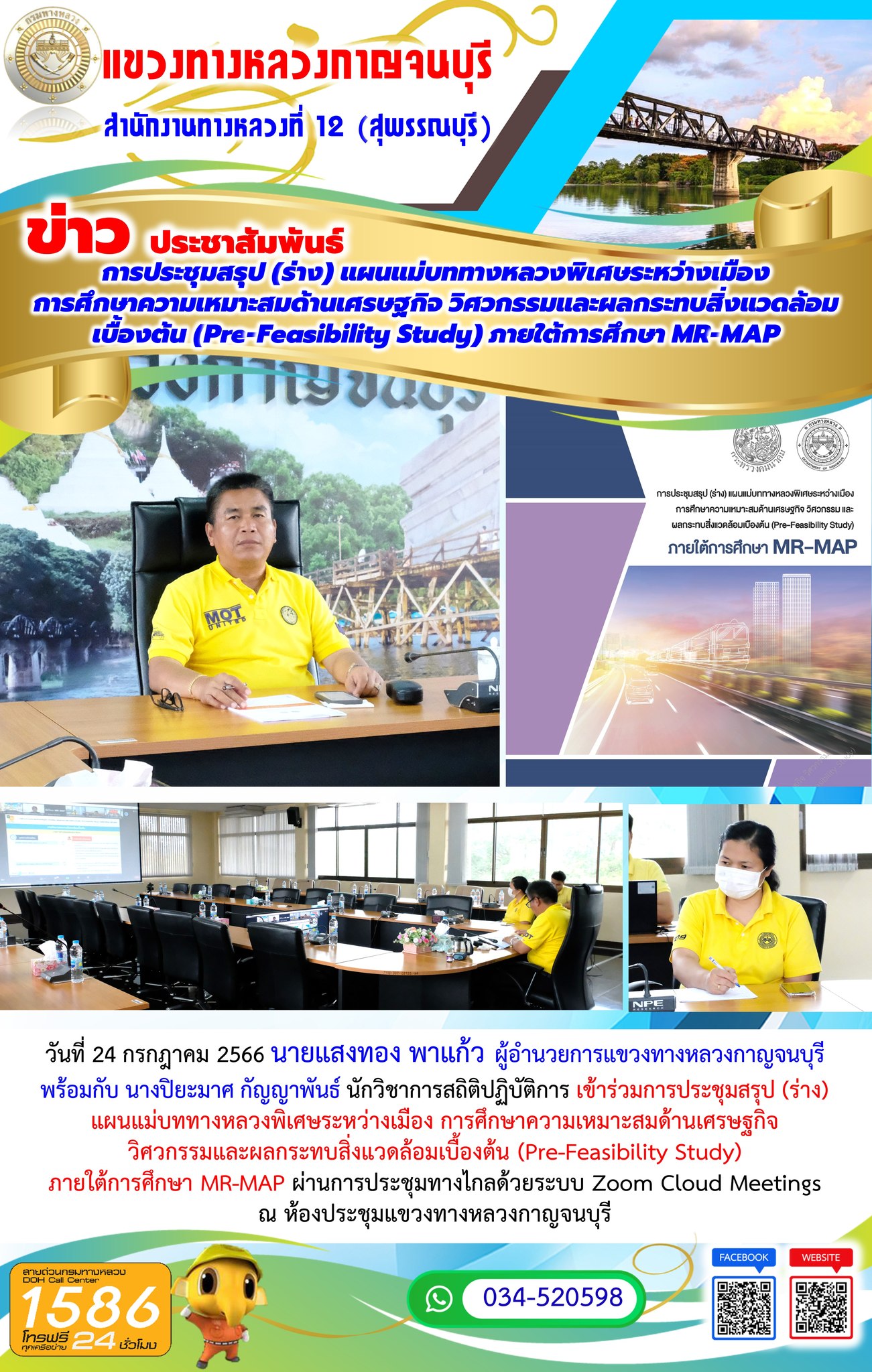 วันที่ 24 กรกฎาคม 2566 นายแสงทอง พาแก้ว ผู้อำนวยการแขวงทางหลวงกาญจนบุรี พร้อมกับ นางปิยะมาศ กัญญาพันธ์ นักวิชาการสถิติปฏิบัติการ เข้าร่วมการประชุมสรุป (ร่าง) แผนแม่บททางหลวงพิเศษระหว่างเมือง การศึกษาความเหมาะสมด้านเศรษฐกิจ วิศวกรรมและผลกระทบสิ่งแวดล้อมเบื้องต้น (Pre-Feasibility Study) ภายใต้การศึกษา MR-MAP ผ่านการประชุมทางไกลด้วยระบบ Zoom Cloud Meetings ณ ห้องประชุมแขวงทางหลวงกาญจนบุรี
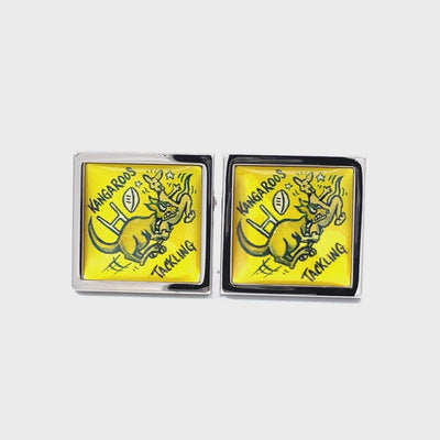 Bright, bold, and brilliantly Aussie! These vivid yellow cufflinks feature a cheeky kangaroo mid-tackle with a rugby ball flying and chaos ensuing. A must-have for rugby fans, wildlife lovers, or anyone with a wild sense of humour. Guaranteed to score laughs and compliments! Finished in enamel and shiny rhodium plating.
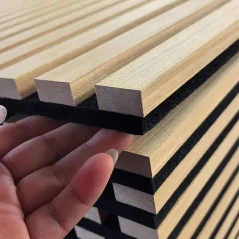 Panel de pared de chapa de madera de listón 3D moderno, panel de pared acústico MDF autoadhesivo para decoración Interior de Hotel, absorbente de sonido
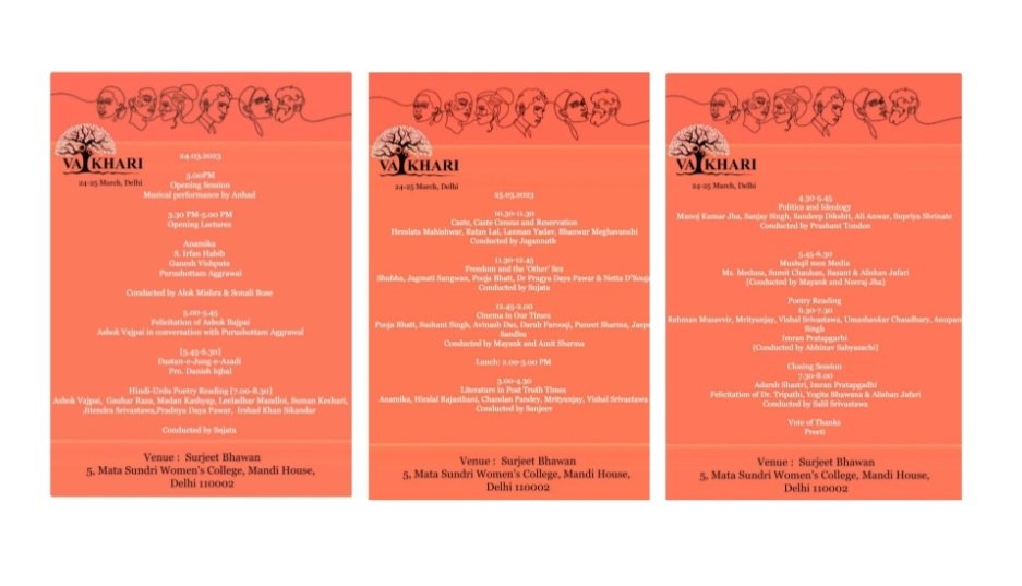 आगामी 24 मार्च और 25 मार्च को दिल्ली में ITO के नजदीक सुरजीत भवन में पहले वैखरी का आयोजन होने जा रहा है. वैखरी साहित्य, राजनीति, सिनेमा, मीडिया, जेंडर और परस्पर रुचि के ऐसे अन्य मुद्दों से जुड़े प्रख्यात व्यक्तित्वों को एक मंच पर लाने की पहल है, जिसमें व्याख्यान, पैनल डिस्कशन, सम्मान समारोह, हिन्दी-उर्दू कविता पाठ एवं क़िस्सागोई जैसे कार्यक्रम होंगे. आयोजन में वक्ताओं से मुखातिब होने के लिए “ऑथर्स कॉर्नर”, विभिन्न प्रकाशनों के स्टॉल और इस देश की संस्कृतिक विविधता को समेटे हस्तकला आदि की प्रदर्शनियां भी शामिल रहेंगी.
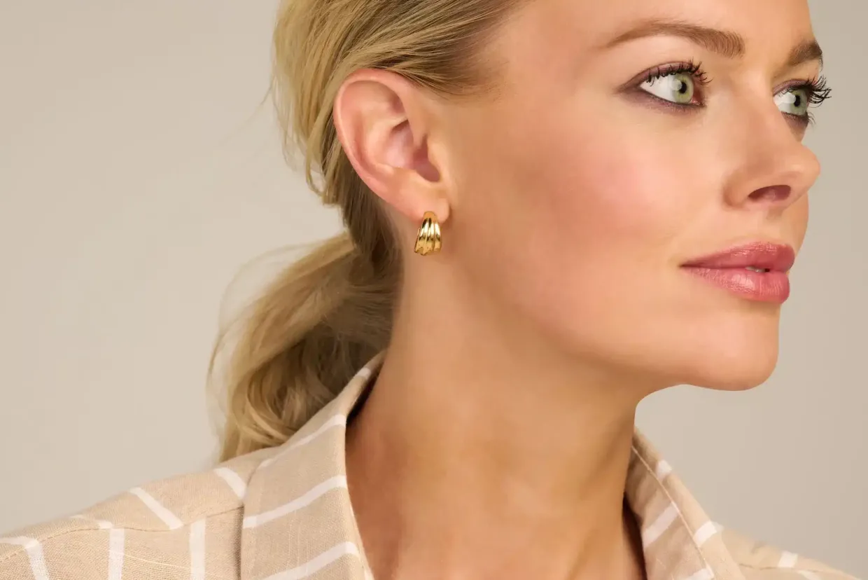 Emelda øreringen er fremstiller 925 sterling sølv der forgyldt med 18 karats guld med et rillet overflade og udformet som en halv creol med lås.

DIRECTIONS FOR THIS TASK:
Leave the pictures out and transcribe the remaining material exactly.

SOLUTION:
 วันที่ 24 กรกฎาคม 2566 นายแสงทอง พาแก้ว ผู้อำนวยการแขวงทางหลวงกาญจนบุรี พร้อมกับ นางปิยะมาศ กัญญาพันธ์ นักวิชาการสถิติปฏิบัติการ เข้าร่วมการประชุมสรุป (ร่าง) แผนแม่บททางหลวงพิเศษระหว่างเมือง การศึกษาความเหมาะสมด้านเศรษฐกิจ วิศวกรรมและผลกระทบสิ่งแวดล้อมเบื้องต้น (Pre-Feasibility Study) ภายใต้การศึกษา MR-MAP ผ่านการประชุมทางไกลด้วยระบบ Zoom Cloud Meetings ณ ห้องประชุมแขวงทางหลวงกาญจนบุรี
 Bright, bold, and brilliantly Aussie! These vivid yellow cufflinks feature a cheeky kangaroo mid-tackle with a rugby ball flying and chaos ensuing. A must-have for rugby fans, wildlife lovers, or anyone with a wild sense of humour. Guaranteed to score laughs and compliments! Finished in enamel and shiny rhodium plating.
 Panel de pared de chapa de madera de listón 3D moderno, panel de pared acústico MDF autoadhesivo para decoración Interior de Hotel, absorbente de sonido
 आगामी 24 मार्च और 25 मार्च को दिल्ली में ITO के नजदीक सुरजीत भवन में पहले वैखरी का आयोजन होने जा रहा है. वैखरी साहित्य, राजनीति, सिनेमा, मीडिया, जेंडर और परस्पर रुचि के ऐसे अन्य मुद्दों से जुड़े प्रख्यात व्यक्तित्वों को एक मंच पर लाने की पहल है, जिसमें व्याख्यान, पैनल डिस्कशन, सम्मान समारोह, हिन्दी-उर्दू कविता पाठ एवं क़िस्सागोई जैसे कार्यक्रम होंगे. आयोजन में वक्ताओं से मुखातिब होने के लिए “ऑथर्स कॉर्नर”, विभिन्न प्रकाशनों के स्टॉल और इस देश की संस्कृतिक विविधता को समेटे हस्तकला आदि की प्रदर्शनियां भी शामिल रहेंगी.
 Emelda øreringen er fremstiller 925 sterling sølv der forgyldt med 18 karats guld med et rillet overflade og udformet som en halv creol med lås.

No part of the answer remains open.